Linear algebra invertible transformation of coordinates

[LCSphysicist]

Homework Statement

Under what conditions is a coordinate transformation invertible in a neighborhood of some point?

Relevant Equations

N.

$A^{x'} = T(A^{x})$, where T is a linear transformation, in such way maybe i could express the transformation as a changing of basis from x to x' matrix:
$A^{x} = T_{mn}(A^{x'})$, in such conditions, i could say det $T_{mn} \neq 0$. But how to deal with, for example, $(x,y) -> (e^x,e^y)$ ?

 

[haruspex]

Think about the Jacobian.

 

[fresh_42]

Homework Statement:: Under what conditions is a coordinate transformation invertible in a neighborhood of some point?
Relevant Equations:: N.

$A^{x'} = T(A^{x})$, where T is a linear transformation, in such way maybe i could express the transformation as a changing of basis from x to x' matrix:
$A^{x} = T_{mn}(A^{x'})$, in such conditions, i could say det $T_{mn} \neq 0$. But how to deal with, for example, $(x,y) -> (e^x,e^y)$ ?

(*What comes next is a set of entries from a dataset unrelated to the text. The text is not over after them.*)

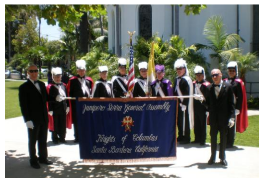
Pictured: 4 th Degree Color Corps before the July 4 th Parade at OLS Gardens.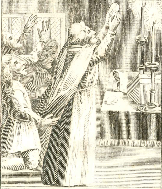
The Mass as sung daily in Swinsted Abbey for the Monk that poisoned King John.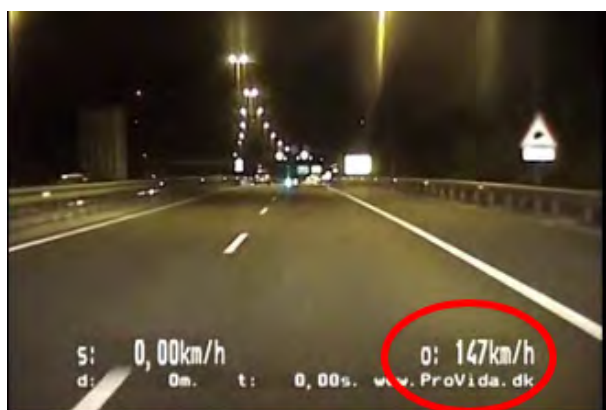
High speed pursuit

Recorded files are in a proprietary XBA file format to ensure sensitive evidence can only be viewed by authorised personnel and can be easily copied as a standard AVI file for burning to a disc.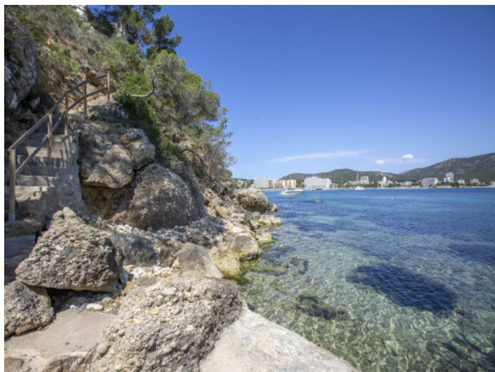
Direct sea access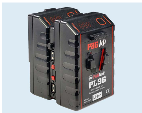
Sandwich the PowerHub between batteries to maintain the PAGlink system's hot-swap feature.

If the transformation is linear, you used the determinant criterion to check bijectivity. If it is not linear, then you obviously cannot use theorems about linear transformations. In that case you will have to define the inverse function and show that it is a bijection.

There is a difference between a bijection and an isomorphism. Isomorphisms belong to a certain category, here the category of vector spaces. This requires linearity. If the category is e.g. the topological spaces, then continuity in both directions is required, in the case of smooth manifolds it is differentiability. A bijection on the other hand is merely an isomorphism on the category of sets, where no further structure is considered, just sets.

By allowing an arbitrary coordinate transformation, you changed from the category of vector spaces to the category of sets. This means you forgot all linear structures. So you have to show that there is a second transformation $T'$ such that $T\circ T'$ and $T'\circ T$ are both identities of the corresponding set of vectors.